GIVEN DATA.

------------------------

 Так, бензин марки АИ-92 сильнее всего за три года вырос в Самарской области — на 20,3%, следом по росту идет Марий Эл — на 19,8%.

------------------------

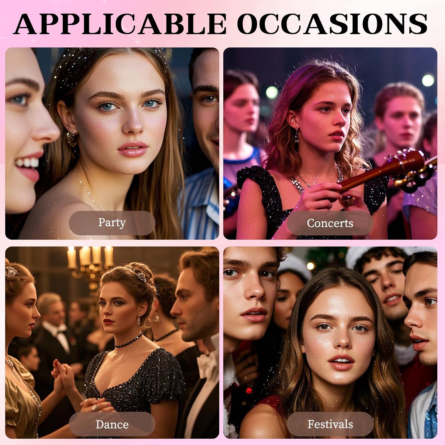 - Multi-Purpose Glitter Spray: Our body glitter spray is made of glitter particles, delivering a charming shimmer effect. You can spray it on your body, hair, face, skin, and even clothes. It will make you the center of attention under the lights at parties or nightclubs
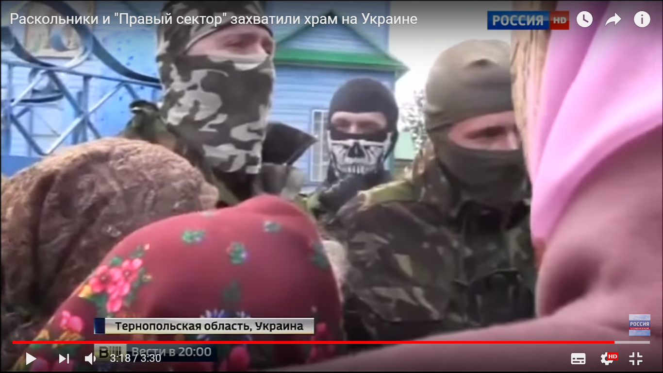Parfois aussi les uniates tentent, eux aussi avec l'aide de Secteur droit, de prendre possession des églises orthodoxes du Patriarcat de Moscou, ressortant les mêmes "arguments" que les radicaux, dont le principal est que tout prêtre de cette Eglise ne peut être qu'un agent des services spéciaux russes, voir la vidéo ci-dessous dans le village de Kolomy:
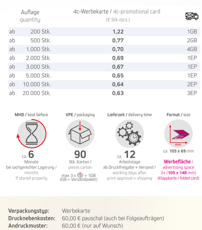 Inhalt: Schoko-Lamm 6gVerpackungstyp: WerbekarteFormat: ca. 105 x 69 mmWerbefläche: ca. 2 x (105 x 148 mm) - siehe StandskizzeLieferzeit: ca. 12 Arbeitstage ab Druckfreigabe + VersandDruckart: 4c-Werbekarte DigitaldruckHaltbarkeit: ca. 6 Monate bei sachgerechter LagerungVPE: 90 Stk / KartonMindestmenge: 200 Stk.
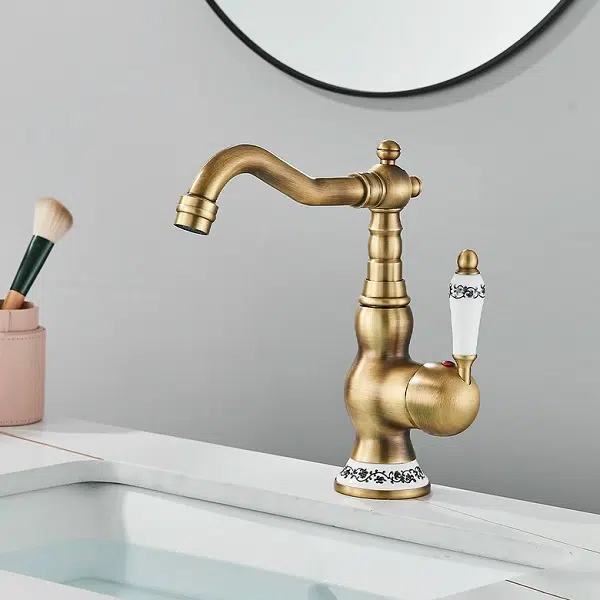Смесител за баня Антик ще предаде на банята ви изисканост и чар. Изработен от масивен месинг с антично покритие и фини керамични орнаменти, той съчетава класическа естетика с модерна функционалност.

------------------------

ACTIVITY. In the listing above, find the line containing "- Multi-Purpose Glitter" and the line containing "Parfois aussi les". Reproduce those lines and all between them exactly, with no pictures and nothing more.

COMPLETED TASK.
 - Multi-Purpose Glitter Spray: Our body glitter spray is made of glitter particles, delivering a charming shimmer effect. You can spray it on your body, hair, face, skin, and even clothes. It will make you the center of attention under the lights at parties or nightclubs
Parfois aussi les uniates tentent, eux aussi avec l'aide de Secteur droit, de prendre possession des églises orthodoxes du Patriarcat de Moscou, ressortant les mêmes "arguments" que les radicaux, dont le principal est que tout prêtre de cette Eglise ne peut être qu'un agent des services spéciaux russes, voir la vidéo ci-dessous dans le village de Kolomy:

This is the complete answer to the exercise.